Exercise objective: When you set down the entries, keep every word exactly as it is but drop the pictures.

══════════

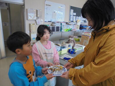 「職員室の先生方で食べてください」と2年生からスイートポテトをいただきました。
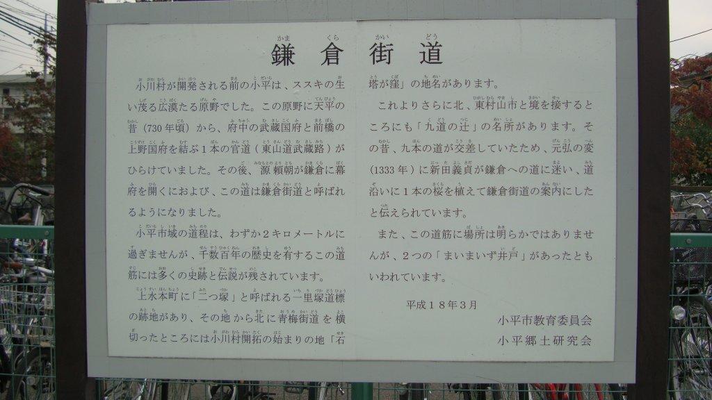 標識と共に、案内板も立っていました。それによりますと、「小川村開拓以前の小平はススキの生い茂る広漠たる原野でした。この原野に天平の昔(730年)頃から、府中の武蔵国府と前橋の上野国府を結ぶ1本の官道がひらけていました。その後、源頼朝が鎌倉に幕府を開くにおよび、この道は鎌倉街道と呼ばれるようになりました。千数百年の歴史を有するこの道筋には多くの史跡や伝説が残っています。そのひとつが、小平市と東村山市の境にある「九道の辻」です。その昔、ここには九本の道が交差していて、元弘の変で新田義貞が鎌倉へ攻め上る際に道に迷い、この道沿いに1本の桜を植えて鎌倉街道の案内にしたと云われています。」とのことです。
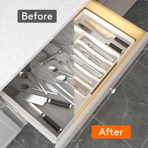 U HOOME - منظم أدراج أدوات المطبخ الفضية، صينية أدوات مائدة قابلة للتوسيع لتنظيم أدراج أدوات المائدة الفضية، صينية أدوات مائدة قابلة للتعديل من يوم هووم، فواصل تخزين بلاستيكية للملاعق والشوك والسكاكين (أبيض)
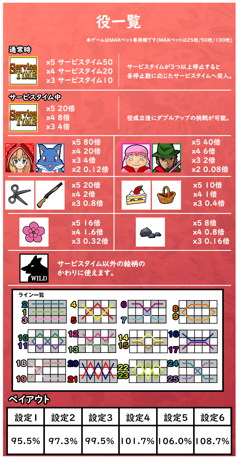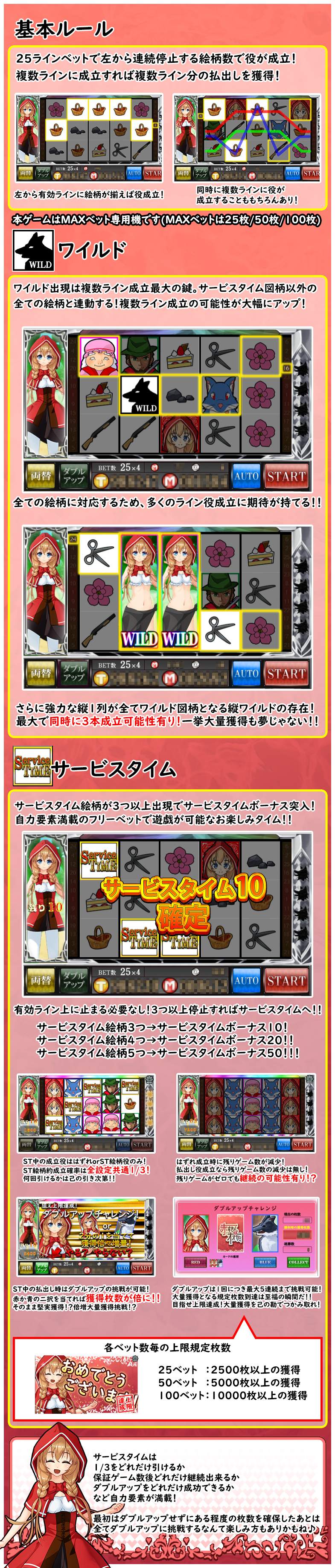「5リールスロット」はMAXベット専用機です(25枚/50枚/100枚の3種類の台からお選び頂けます)。 -
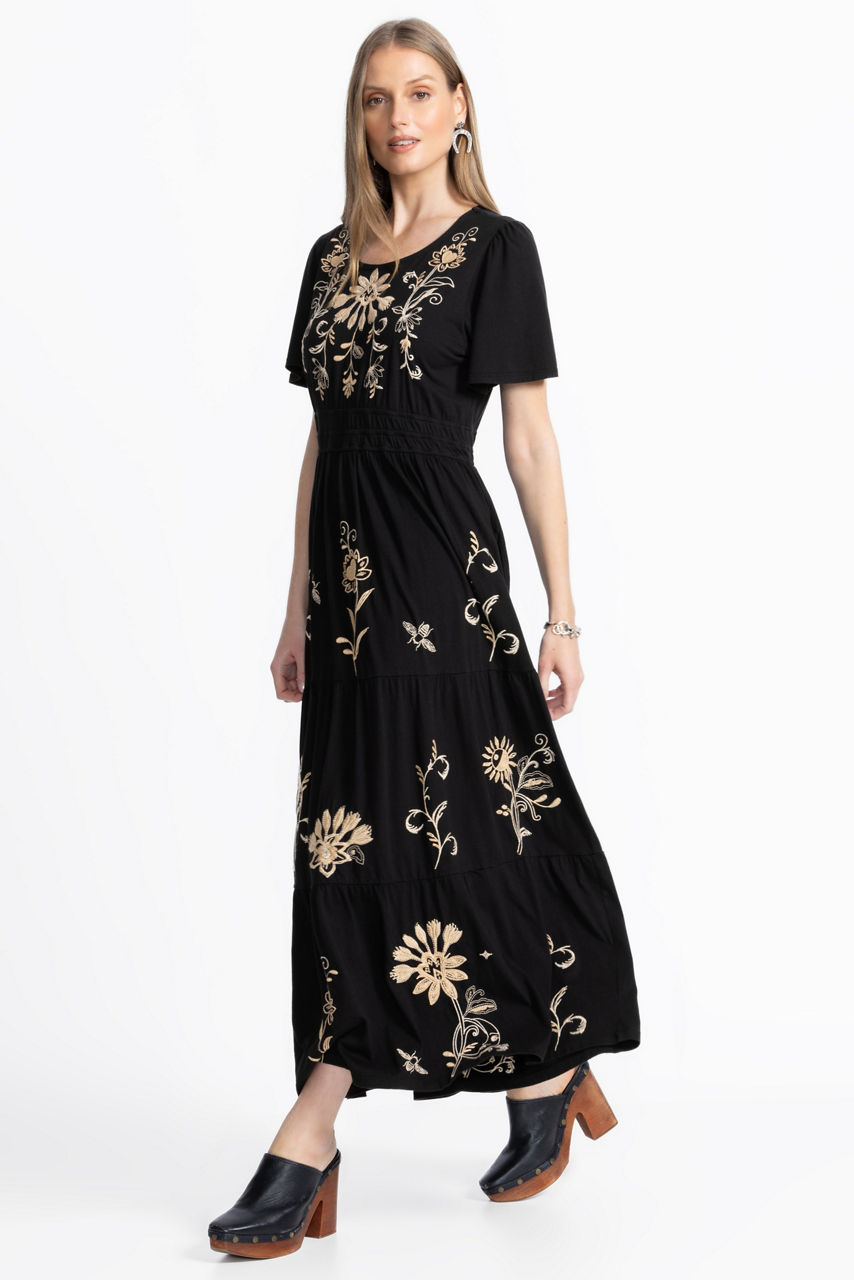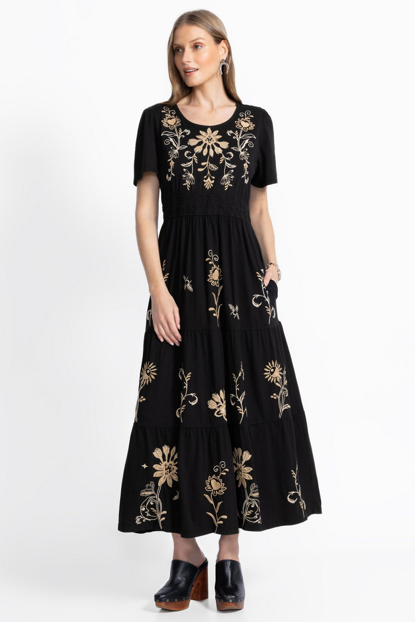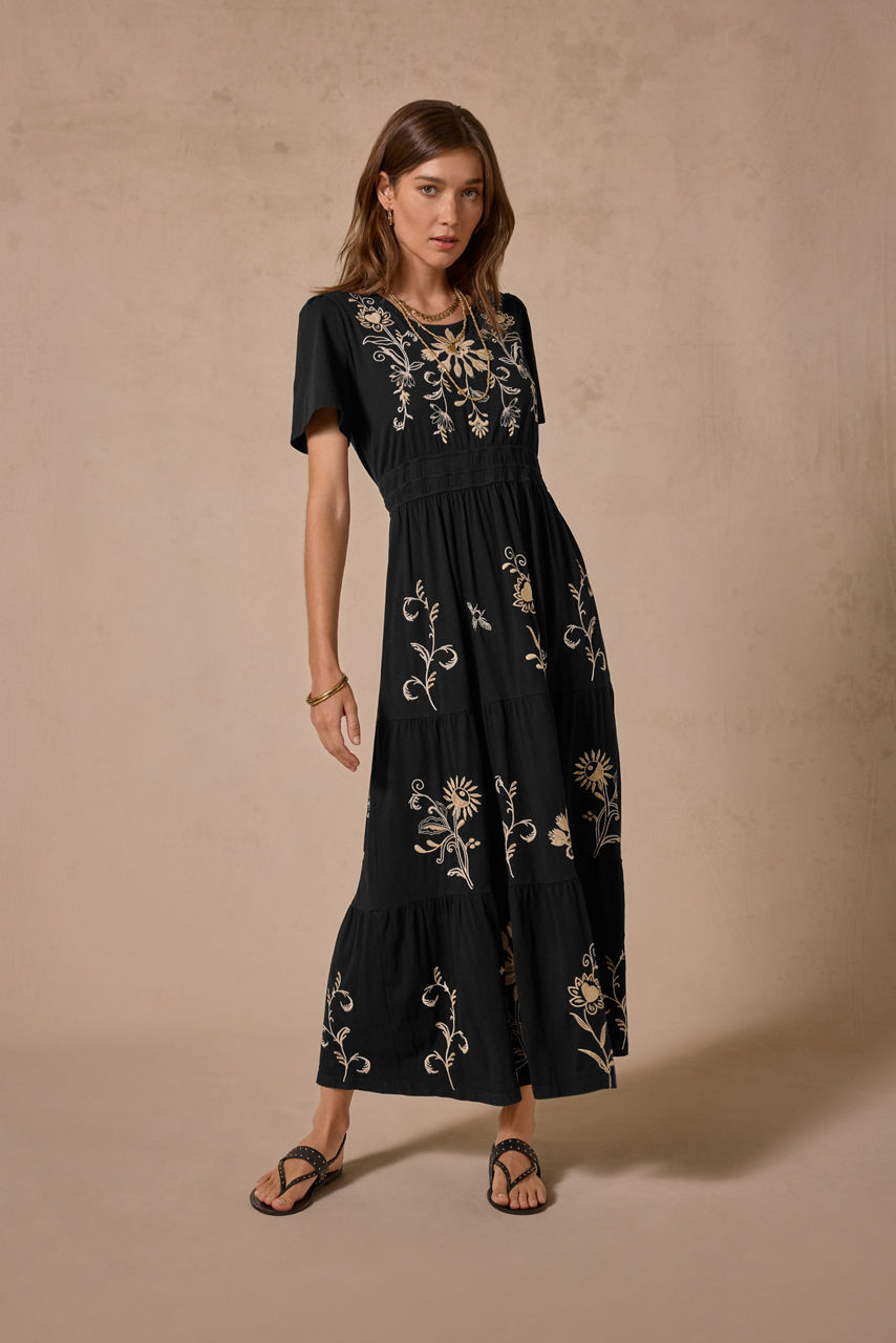 Crafted from 100% breathable cotton, the Smocked Waist Tiered Midi Dress is embellished with vibrant embroidered details. Designed with a rounded neckline and a keyhole back, this unique dress is finished with an elastic waist and a tiered midi skirt. Pair with kitten heels and eclectic jewelry pieces for an evening out.

══════════

Response area:
 「職員室の先生方で食べてください」と2年生からスイートポテトをいただきました。
 標識と共に、案内板も立っていました。それによりますと、「小川村開拓以前の小平はススキの生い茂る広漠たる原野でした。この原野に天平の昔(730年)頃から、府中の武蔵国府と前橋の上野国府を結ぶ1本の官道がひらけていました。その後、源頼朝が鎌倉に幕府を開くにおよび、この道は鎌倉街道と呼ばれるようになりました。千数百年の歴史を有するこの道筋には多くの史跡や伝説が残っています。そのひとつが、小平市と東村山市の境にある「九道の辻」です。その昔、ここには九本の道が交差していて、元弘の変で新田義貞が鎌倉へ攻め上る際に道に迷い、この道沿いに1本の桜を植えて鎌倉街道の案内にしたと云われています。」とのことです。
 U HOOME - منظم أدراج أدوات المطبخ الفضية، صينية أدوات مائدة قابلة للتوسيع لتنظيم أدراج أدوات المائدة الفضية، صينية أدوات مائدة قابلة للتعديل من يوم هووم، فواصل تخزين بلاستيكية للملاعق والشوك والسكاكين (أبيض)
「5リールスロット」はMAXベット専用機です(25枚/50枚/100枚の3種類の台からお選び頂けます)。 -
 Crafted from 100% breathable cotton, the Smocked Waist Tiered Midi Dress is embellished with vibrant embroidered details. Designed with a rounded neckline and a keyhole back, this unique dress is finished with an elastic waist and a tiered midi skirt. Pair with kitten heels and eclectic jewelry pieces for an evening out.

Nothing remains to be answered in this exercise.